Receiver-operator characteristic curve (ROC) for predicting the possibility of venous thromboembolism based on soluble fibrin monomer complex (SFMC) values. The area under the curve was 0.848 for SFMC (95% CI 0.722 to 0.974, p<0.001).

Discussion

This is the first study to explore the usefulness of the combination of D-dimer and SFMC for the diagnosis of VTE. The results of this study provide cutoff values of SFMC that are sufficient for diagnosing VTE clinically, with a sensitivity of 58.8% and specificity of 100% among patients with psychiatric disorders and positive D-dimer results. Although previous studies have shown inconsistent results on the usefulness of SFMC,19–21 the ROC analysis conducted in the current study shows that SFMC is a useful marker for the diagnosis of VTE. It is unclear why the specificity of the cutoff value for SFMC in this study was high. Possible reasons that affected the results were that (1) VTE screening by D-dimer was performed simultaneously with SFMC measurement, and that (2) the subjects were psychiatric patients with few physical factors that elevate SFMC other than VTE compared to non-psychiatric patients. Since few studies have examined the usefulness of SFMC, further studies are warranted to validate these findings.

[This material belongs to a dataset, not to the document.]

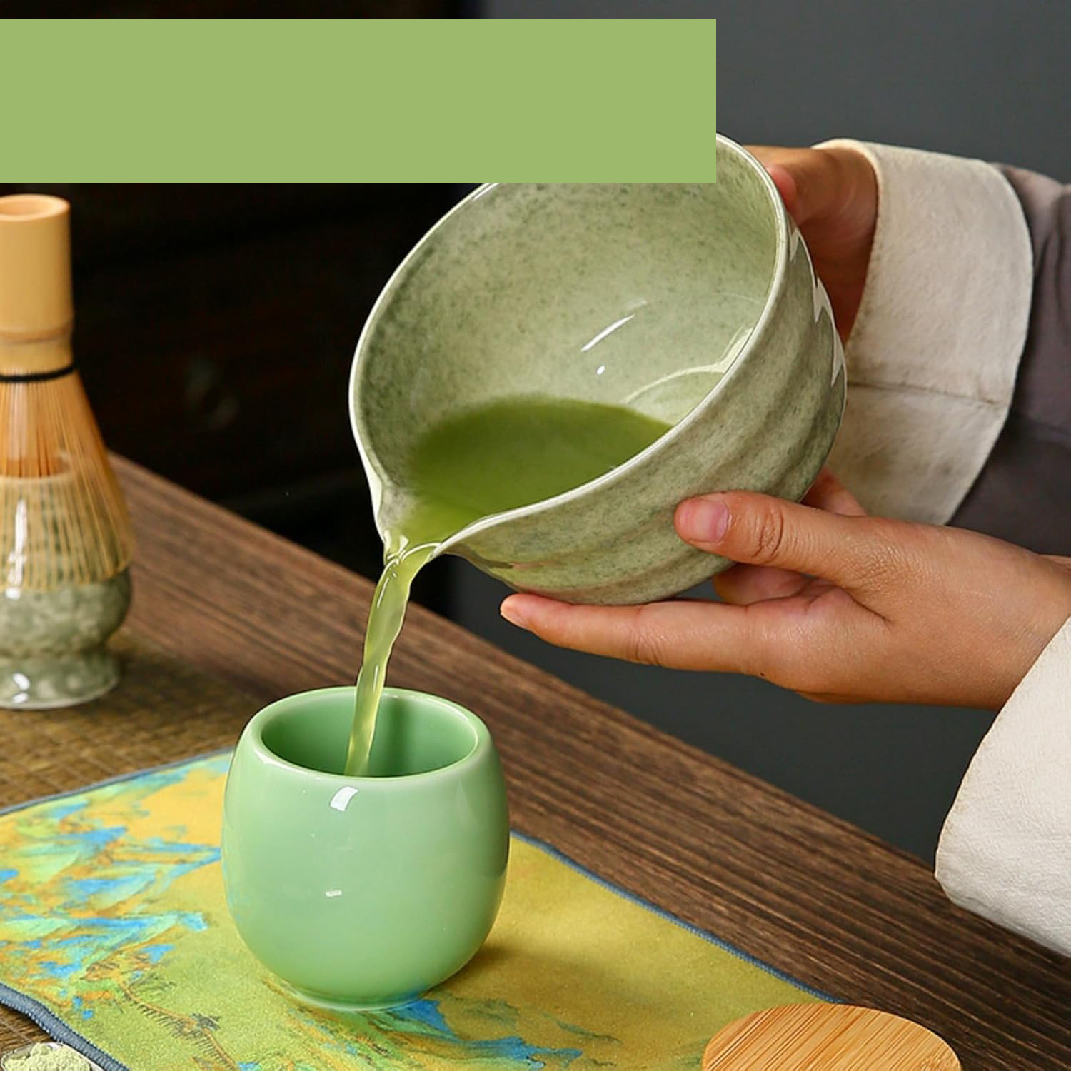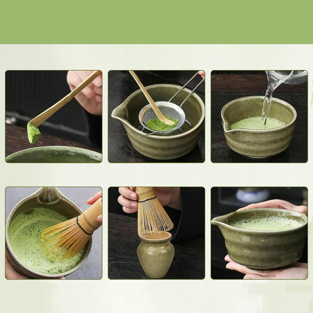 💚 Унікальний і практичний дизайн для спокійного досвіду:Цей набір віночка та миски для матчі має спеціальну чашу для матча з носиком, що пропонує як естетику, так і функціональність. Ексклюзивний дизайн чаю матча дозволяє легко трамбувати та розливати. Віночок для чаю матча та ложка для чаю матча з бамбуковим віночком забезпечують точні вимірювання порошку чаю матча, тож ви можете легко готувати ідеальну чашку щоразу.

In a previous study using Well’s score, 5% (95% CI 4 to 8%) of low-risk, 17% (95% CI 13 to 23%) of middle-risk, and 53% (95% CI 44 to 61%) of high-risk patients had DVT.22 In this study, these corresponding values were 8.4%, 0%, and 50%. Here, the prevalence of DVT was almost within range in the low-risk and high-risk groups, but it was lower in the middle-risk group than in the respective patient groups in the previous study. The reason for these differences between studies is unclear, but the small sample size may have affected the results of this study. Studies with larger sample sizes are warranted to determine whether Well’s score is also useful in the evaluation of patients with psychiatric disorders.

Strengths and Weaknesses of the Study

The strengths of this study are (1) its prospective design, and (2) the detailed examination for VTE (both DVT and PE) using contrast-enhanced CT. Nevertheless, this study also has some limitations: (1) Only 109 of the 783 (13.9%) patients admitted to our department participated in the study. Selection bias may have affected the results of this study. (2) VTE may have been missed because patients with D-dimer levels < 1.0 µg/mL did not undergo contrast-enhanced CT, based on the criteria for the 1st screening; and (3) the ROC curve of D-dimer or SFMC alone could not be plotted because contrast-enhanced CT was not performed in patients with negative D-dimer results; (4) some participants might exhibit confounding factors that increase D-dimer or SFMC levels; (5) although a fixed 1.0 D-dimer level was used, the age-adjusted D-dimer level, which is recommended by several guidelines,26 may be more useful in combination with SFMC. These methodological issues should be resolved through future carefully designed studies.

Conclusion

SFMC was useful for diagnosing VTE in the psychiatric patients with positive D-dimer results.